# What size heater?



## khiyasu (Jan 12, 2016)

What size heater would you recommend for a 33 medium planted tank? 150w? 

Also any brand preference? A lot of aqueon pro, eheim jäger or fluval electronics being recommended. 

Thanks


----------



## thegrandpoohbah (Jan 6, 2016)

The rule of thumb is 5 watts per gallon so 150 watts is about right. That's what I would use. I've lost faith in the Jagers after a couple failed. My preference at the moment is the Fluval E series though they don't seem to come in a 150 watt model.


----------



## khiyasu (Jan 12, 2016)

How long have you had the fluval e series? Read some reviews and lots of mentions that they are hard to operate if there isn't any flow going through them? May get algae buildup too?

Anyone have any experience with the fluval m series?


----------



## khiyasu (Jan 12, 2016)

thegrandpoohbah said:


> The rule of thumb is 5 watts per gallon so 150 watts is about right. That's what I would use. I've lost faith in the Jagers after a couple failed. My preference at the moment is the Fluval E series though they don't seem to come in a 150 watt model.


I'm quite intrigued by the Fluval E series, it may look weird but I quite like the look. The E-100 is rated for a 30 gallon tank. Would that be sufficient for my 33 gallon? The next step up is the E-200 which I'm wondering if that would be too much for my tank?


----------



## thegrandpoohbah (Jan 6, 2016)

I've run my E-300 on a 45G and a 75G. Flow isn't a concern for me, I am running Rena XP3 canister filters.


----------



## khiyasu (Jan 12, 2016)

So would you say the e-200 is better for the 33 gallon?


----------



## KTown mbunamani (Jan 1, 2016)

Loads of good info on American Aquarium. Check it out.


----------



## khiyasu (Jan 12, 2016)

KTown mbunamani said:


> Loads of good info on American Aquarium. Check it out.


American Aquarium doesnt have much about heaters, and seems that some of their information is a bit outdated?


----------



## KTown mbunamani (Jan 1, 2016)

khiyasu said:


> American Aquarium doesnt have much about heaters, and seems that some of their information is a bit outdated?


Aquarium Heaters; Review, Size, Heater Information

Is this the article you found? Not sure, but it sounds good to me. But then I've been tankless for a while.

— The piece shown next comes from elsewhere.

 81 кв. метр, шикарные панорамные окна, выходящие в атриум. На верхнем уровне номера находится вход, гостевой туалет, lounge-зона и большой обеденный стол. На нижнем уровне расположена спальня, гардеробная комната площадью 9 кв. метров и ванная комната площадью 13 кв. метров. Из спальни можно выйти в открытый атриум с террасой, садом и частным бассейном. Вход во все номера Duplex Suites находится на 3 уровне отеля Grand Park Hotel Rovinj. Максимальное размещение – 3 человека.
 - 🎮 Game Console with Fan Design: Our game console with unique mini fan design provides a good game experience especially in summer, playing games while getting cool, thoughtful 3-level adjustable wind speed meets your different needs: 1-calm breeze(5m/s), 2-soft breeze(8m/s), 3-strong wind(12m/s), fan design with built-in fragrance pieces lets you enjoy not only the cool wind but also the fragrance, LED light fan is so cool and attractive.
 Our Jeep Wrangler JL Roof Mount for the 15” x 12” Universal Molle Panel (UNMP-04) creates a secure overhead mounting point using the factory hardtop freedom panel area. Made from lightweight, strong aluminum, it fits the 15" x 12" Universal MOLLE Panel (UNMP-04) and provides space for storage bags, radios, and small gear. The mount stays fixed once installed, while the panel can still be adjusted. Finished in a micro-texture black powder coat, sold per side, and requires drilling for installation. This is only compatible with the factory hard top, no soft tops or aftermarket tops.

Anyway, I don't think wattages have changed. He admits, like many people that Eheim (formerly Ebo) Jagers are about the best quality. There's a few bad reviews from when they where being made in China for a while. But they're coming out of Germany again, and said to be top notch again. Good enough for me, I've got two of them heading my way from Pets and Ponds. $38 each for 100 watt Jagers.


----------



## Plumberboy (Jun 2, 2014)

I have been using Jagers for years, and have never had an issue with them. (Knock on wood!) 100 watt would be perfect for a 33 gal, and only $36.70 at J&L Aquatics. King Ed's usually has good prices on em too. Roger's carrys them also.


----------



## khiyasu (Jan 12, 2016)

KTown mbunamani said:


> Aquarium Heaters; Review, Size, Heater Information
> 
> Is this the article you found? Not sure, but it sounds good to me. But then I've been tankless for a while. Anyway, I don't think wattages have changed. He admits, like many people that Eheim (formerly Ebo) Jagers are about the best quality. There's a few bad reviews from when they where being made in China for a while. But they're coming out of Germany again, and said to be top notch again. Good enough for me, I've got two of them heading my way from Pets and Ponds. $38 each for 100 watt Jagers.

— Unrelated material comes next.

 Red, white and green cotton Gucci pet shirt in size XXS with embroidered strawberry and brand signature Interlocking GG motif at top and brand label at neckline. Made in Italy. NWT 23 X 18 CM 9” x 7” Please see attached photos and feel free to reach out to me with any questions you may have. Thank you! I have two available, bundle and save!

That wasnt the article I saw. That's helpful. Thanks!


----------



## khiyasu (Jan 12, 2016)

Plumberboy said:


> I have been using Jagers for years, and have never had an issue with them. (Knock on wood!) 100 watt would be perfect for a 33 gal, and only $36.70 at J&L Aquatics. King Ed's usually has good prices on em too. Roger's carrys them also.


Great thanks. I'll probably stop by there today


----------



## KTown mbunamani (Jan 1, 2016)

Yup, people tend to go overkill on the wattage. Then if the heater gets stuck in the on position....cooked fish anyone? 

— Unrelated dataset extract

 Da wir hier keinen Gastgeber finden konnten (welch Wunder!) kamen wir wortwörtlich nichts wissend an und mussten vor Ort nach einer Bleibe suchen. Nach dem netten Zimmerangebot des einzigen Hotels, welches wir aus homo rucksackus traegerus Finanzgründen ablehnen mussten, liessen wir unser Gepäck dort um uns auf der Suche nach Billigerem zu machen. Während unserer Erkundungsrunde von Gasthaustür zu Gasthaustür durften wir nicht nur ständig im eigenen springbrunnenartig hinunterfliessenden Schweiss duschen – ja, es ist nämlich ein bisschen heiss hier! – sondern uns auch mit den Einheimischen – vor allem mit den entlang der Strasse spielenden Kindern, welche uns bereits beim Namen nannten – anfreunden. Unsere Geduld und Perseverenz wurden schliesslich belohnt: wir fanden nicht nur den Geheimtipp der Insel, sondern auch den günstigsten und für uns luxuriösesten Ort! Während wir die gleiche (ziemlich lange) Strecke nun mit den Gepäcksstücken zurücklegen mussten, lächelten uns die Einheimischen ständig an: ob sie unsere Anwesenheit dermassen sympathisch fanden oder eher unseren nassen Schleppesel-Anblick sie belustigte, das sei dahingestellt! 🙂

100 watts is good for 20-40 gallons, so I wouldn't go more than that.


----------



## thegrandpoohbah (Jan 6, 2016)

KTown mbunamani said:


> Yup, people tend to go overkill on the wattage. Then if the heater gets stuck in the on position....cooked fish anyone?
> 
> 100 watts is good for 20-40 gallons, so I wouldn't go more than that.


I used to think that too. Then I moved up north where it gets below -40C in the winter. I tried to use a 100W heater in a 26G tank, it only managed to get the temp up to around 72F (I aim for 78F in my tropical tanks).

And to the OP, I retract my recommendation of the Fluval E series heaters. Mine JUST crapped out last night after less than a year. It will now only adjust the temperature up and not down. I figured the temperature setting might cycle around again but no, it just maxes out at 93F and stays there.


----------



## cpat83 (Sep 1, 2015)

KTown mbunamani said:


> Yup, people tend to go overkill on the wattage. Then if the heater gets stuck in the on position....cooked fish anyone?
> 
> 100 watts is good for 20-40 gallons, so I wouldn't go more than that.


Depends on location, if it is in your house then yes, however I have 20-40 gallon tanks in my garage (while it is insulated and heated) I require a 150Watt heater for the tanks to maintain 80 deg....the 100 watt could do it but it was on 24/7.


----------



## khiyasu (Jan 12, 2016)

I ended up getting the 100W Eheim. Liked the Fluval E but it was double the price. Its been doing a good job with the tank so far keeping temperature where I need it and my tank is in the house so it should be fine. Looking back maybe I wouldve gone 125W instead but 100W seems to be doing the job.


----------



## KTown mbunamani (Jan 1, 2016)

Good choice!


----------